> [Brief]
When writing out the listing below, reproduce every word exactly and skip the pictures.

> [Given information]
------------------------------------------------------------

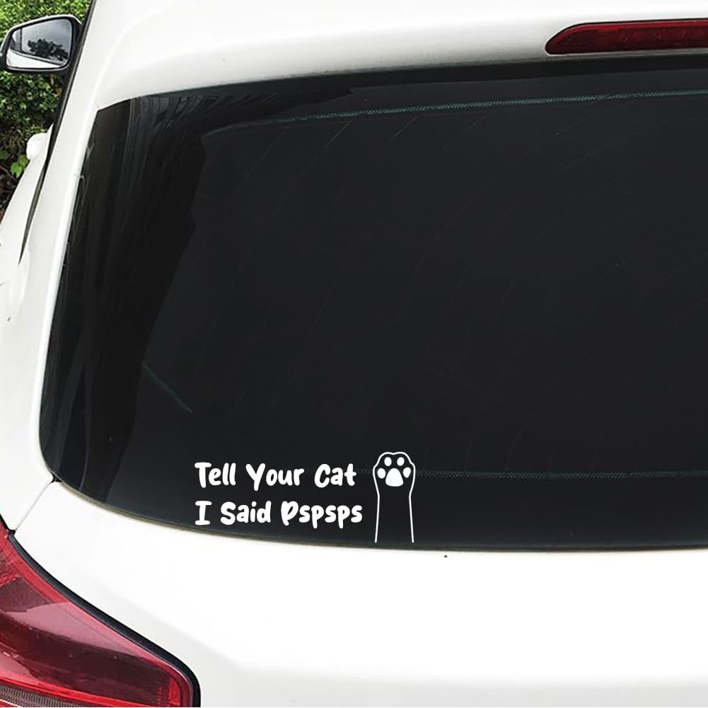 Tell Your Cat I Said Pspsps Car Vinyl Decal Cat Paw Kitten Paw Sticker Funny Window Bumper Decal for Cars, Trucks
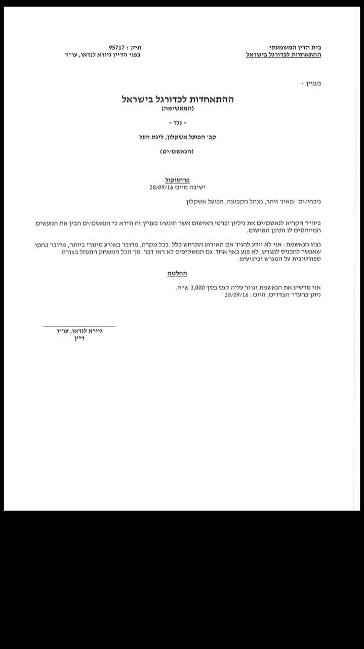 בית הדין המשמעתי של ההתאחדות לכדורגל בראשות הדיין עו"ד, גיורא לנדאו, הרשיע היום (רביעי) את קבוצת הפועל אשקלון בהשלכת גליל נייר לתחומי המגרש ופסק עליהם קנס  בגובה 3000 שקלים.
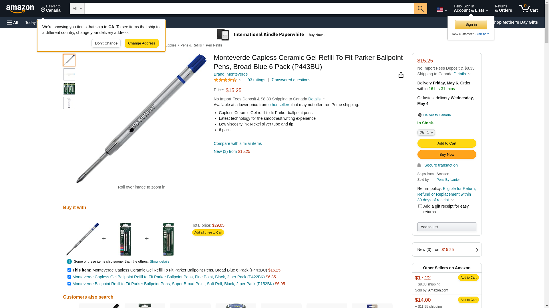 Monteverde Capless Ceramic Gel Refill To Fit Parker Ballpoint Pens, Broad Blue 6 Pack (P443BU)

------------------------------------------------------------

> [Solution to this task]
 Tell Your Cat I Said Pspsps Car Vinyl Decal Cat Paw Kitten Paw Sticker Funny Window Bumper Decal for Cars, Trucks
 בית הדין המשמעתי של ההתאחדות לכדורגל בראשות הדיין עו"ד, גיורא לנדאו, הרשיע היום (רביעי) את קבוצת הפועל אשקלון בהשלכת גליל נייר לתחומי המגרש ופסק עליהם קנס  בגובה 3000 שקלים.
 Monteverde Capless Ceramic Gel Refill To Fit Parker Ballpoint Pens, Broad Blue 6 Pack (P443BU)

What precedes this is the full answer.